In response, Foreign Ministry spokesperson Zhao Lijian said on July 16 that China showed raw data that requires special attention item by item when the joint mission was conducting the origins study in China.
From Jan. 14 to Feb. 10, a joint mission comprising of 17 Chinese and 17 international experts conducted a 28-day study into the origins of SARS-CoV-2 in Wuhan. The list of international experts was formulated solely by the WHO. As scientists, they are independent and also highly representative as they came from more than 10 countries and international institutions such as the WHO, the World Organization for Animal Health and the Food and Agriculture Organization.

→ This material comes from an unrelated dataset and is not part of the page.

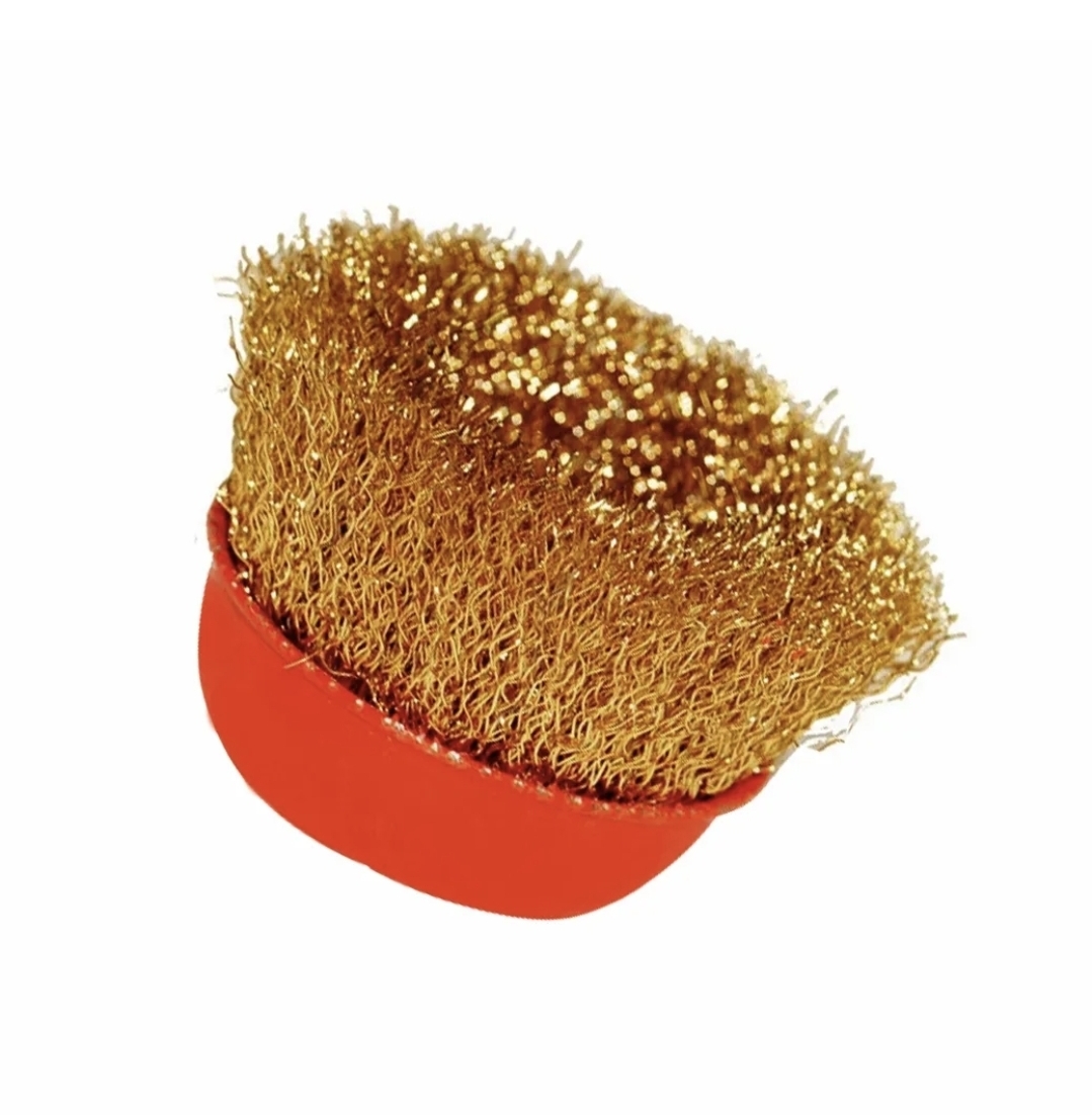 Щетка латунированная 125 мм для УШМ предназначена для зачистки изделий, удаления ржавчины и грязи с металлических поверхностей. Оснастка крепится к инструменту при помощи гайки М14.

Since terms of reference were agreed in July 2020, the Chinese experts started collecting data needed for the study. The Chinese government organized hundreds of scientists in the collection, sorting and initial analysis of related information. As for raw data requiring special attention, China showed it to the joint mission item by item. The experts fully discussed the data analysis approach and interim results, improved the analysis framework, reanalyzed the data and provided renewed results.

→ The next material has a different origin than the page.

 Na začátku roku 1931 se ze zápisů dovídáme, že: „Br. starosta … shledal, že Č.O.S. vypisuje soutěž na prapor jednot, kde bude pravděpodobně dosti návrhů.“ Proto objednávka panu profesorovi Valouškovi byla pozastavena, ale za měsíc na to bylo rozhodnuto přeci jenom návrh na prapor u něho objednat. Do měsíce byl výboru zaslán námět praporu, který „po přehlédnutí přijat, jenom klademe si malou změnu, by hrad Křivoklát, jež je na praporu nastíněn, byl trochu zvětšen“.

The joint mission conducted on-site visits to the Wuhan Institute of Virology as well as the Hubei provincial and Wuhan centers for disease control and prevention, learning about laboratory management and operation procedures. They communicated with experts working there and carried out serological tests on relevant staff members, with all samples coming back as negative.
All this proves that the claim that "getting access to raw data had been a challenge" is totally groundless. The experts of the joint mission, whether from China or other countries, had equal access to the data. They made their own decisions independently as to where they would like to visit, who they would like to talk to and what they would like to talk about as the field work proceeded. The study report was also drafted by the mission independently. As an authoritative institution in global public health, the WHO should respect science and uphold the authority of the report.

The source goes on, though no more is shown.